Ik vertelde Herr Küstenwache dat op het moment van ons vertrek, 1 juli, er nog geen officiele app of zo was. Hij haalde zijn schouders op, wenste ons een goede reis, en moest lachen toen Hidzer zei dat we gezond waren.

Daarop gingen ze naar een huurboot uit Breege, die vlak bij ons lag. De anderen hebben ze niet gecontroleerd. Bijna willekeur, of gewoon alle (mogelijke) niet-Duitsers controleren. Tja, en de Duitsers dan, die vanuit Denemarken of Zweden, Polen hier naartoe gevaren zijn?

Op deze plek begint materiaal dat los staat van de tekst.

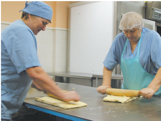
В хлебобулочном цехе работа идет и днем, и ночью.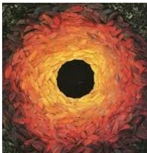
Andy GOLDSWORTHY crée dans et avec la nature

1/ Quelle oeuvre préfères tu ? ( cite le nom de l'artiste )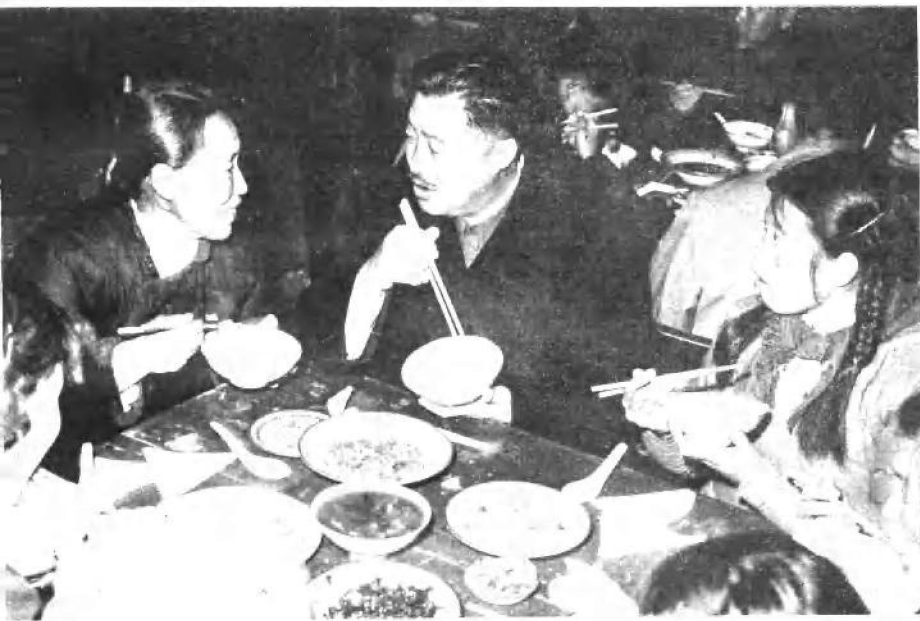
一九五八年，贺龙同志陪同朝鲜政府代表团参观湖北应城红旗公社时，与社员一起用饭、交谈。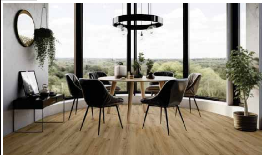
S NOVO SPA dub Macadamia vytvoříte i v jídelně příjemnou atmosféru.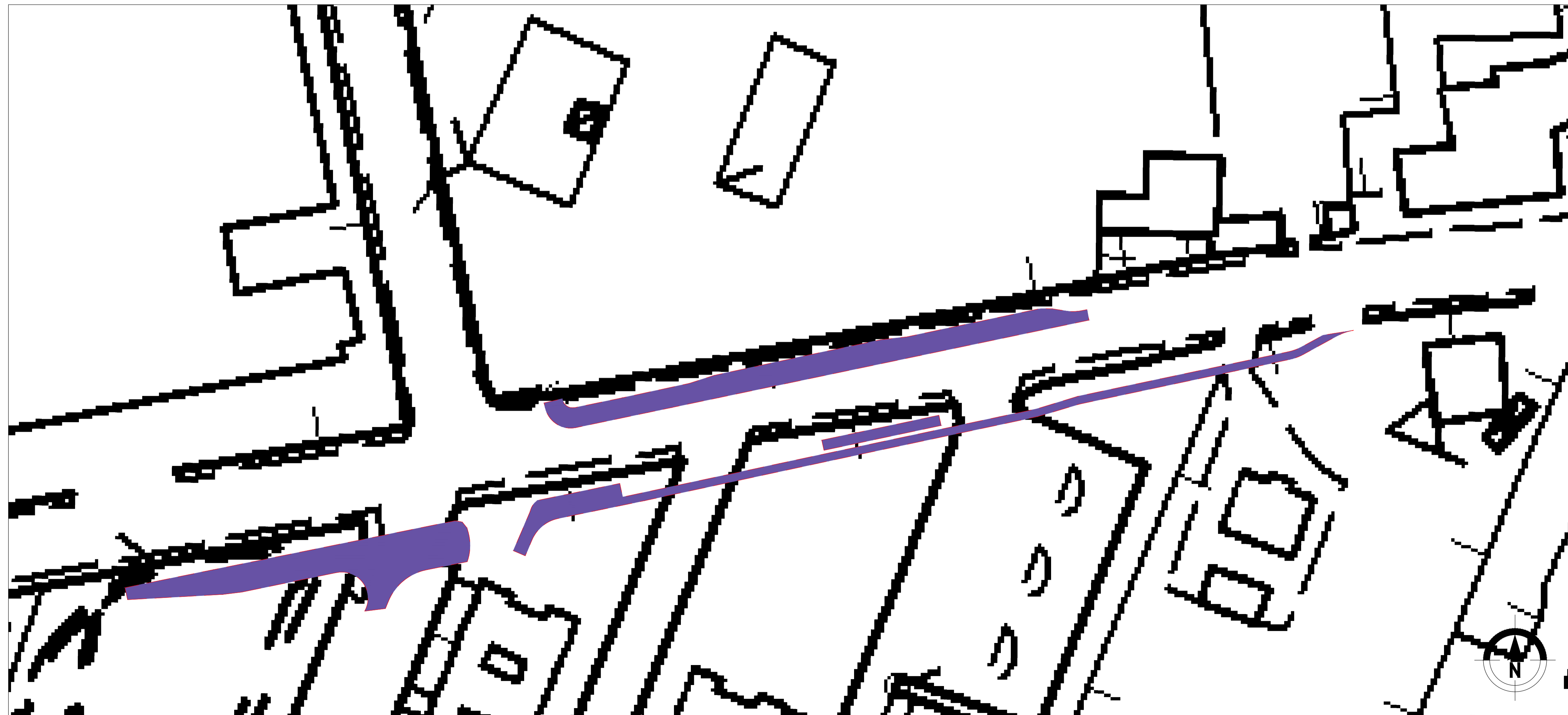
14 PIAZZA DEI COLORI - SCALA 1:500

Elaborato allegato al Documento di Valutazione Archeologica redatto da dott.ssa Chiara Maratini (Dottore di ricerca, archeologo abilitato all'archeologia preventiva)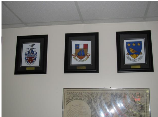
Quelques-une des photo des armoiries Celle des Richard au centre.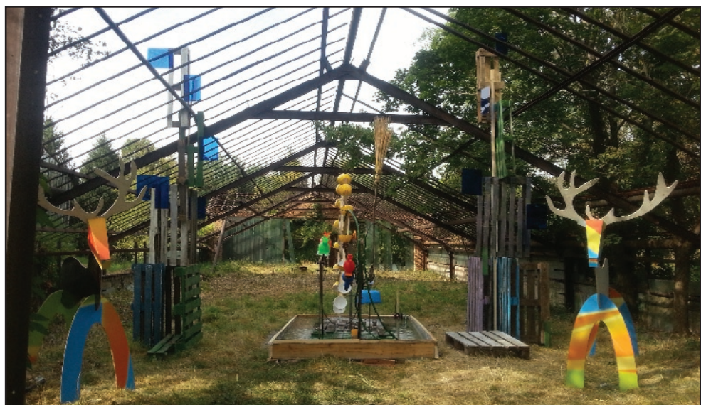
Installation cinétique. Jardin botanique d'Almaty Artbat festival. Kazakhstan 2016 Lien video :

https://www.youtube.com/watch?v=QyZncTJyufk&index=2&list=PLQoJVvNCInuDAUG6UaTxODVowkTeaUom8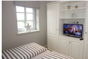
...Schrankraum und TV Gerät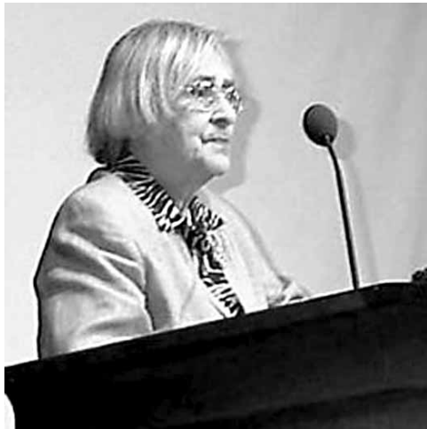
Дамы и господа! Дорогие друзья!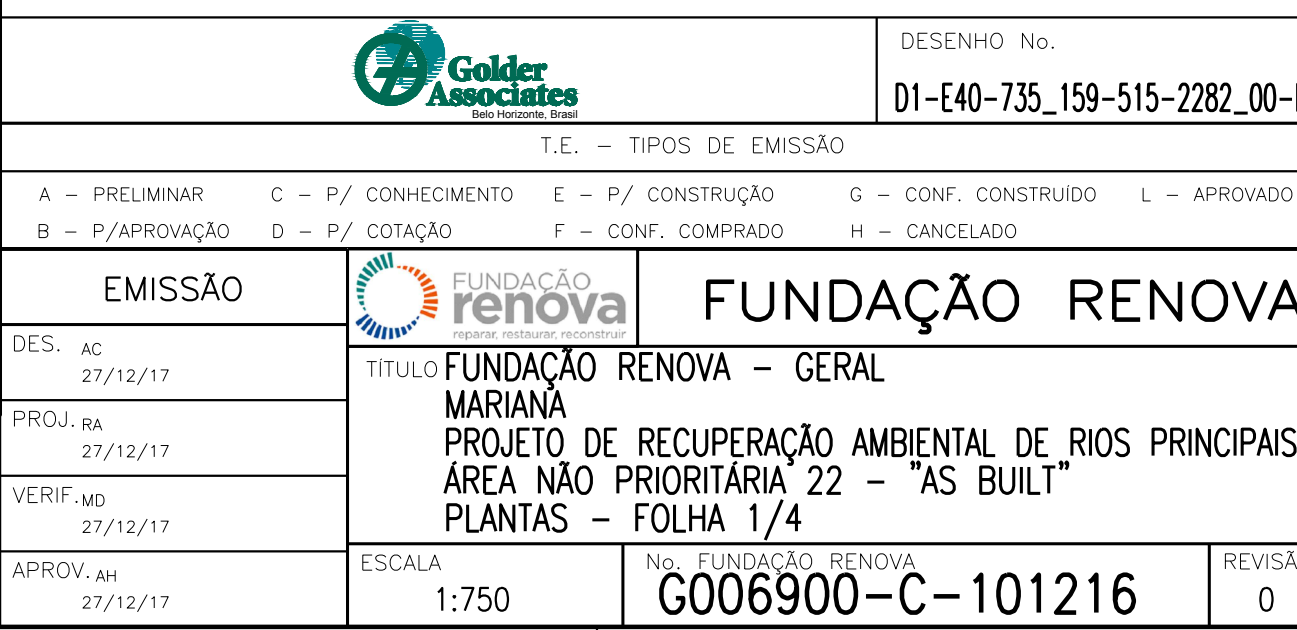
PLANTAS ESCALA 1:750

Nou ja, we zijn zo ongeveer “goedgekeurd”, hebben daar helaas geen bewijsje van gekregen, en hopen er maar het beste van.


Dat mijn registratie niet officieel is, staat inderdaad in de brief. Via DigiD kun je laten zien dat je gevaccineerd bent. Geloof ik. Maar dat bedachten we pas later.... Het gekke is, dat Hidzer een zelfde Registratiekaart heeft, maar dan van dikker papier. Ja, Hidzer kreeg ‘m van de huisarts en ik van de GGD.

En nu komt het: op Hidzers kaartje stond zijn naam niet eens. Daar kwamen we pas een week of twee geleden achter, toen ik de foto’s die we van de documenten gemaakt hadden naar een apart mapje op de computer verhuisde. Ik heb toen zijn naam en geboortedatum maar even ingevuld, en dat was wel slim, bleek nu achteraf.



Het is nu bijna bladstil, de zon schijnt nog, maar hij gaat zo onder. Morgen is er eerst nauwelijks wind, en daarna uit NoordOost. Niet zo gunstig, maar we gaan toch maar op pad. Warnemünde is ons doel. Ruim 46 zeemijlen. Best ver, dat is ongeveer 85 kilometer. Maar dan kunnen we daarna weer twee dagen lekker zeilen. Hopen we.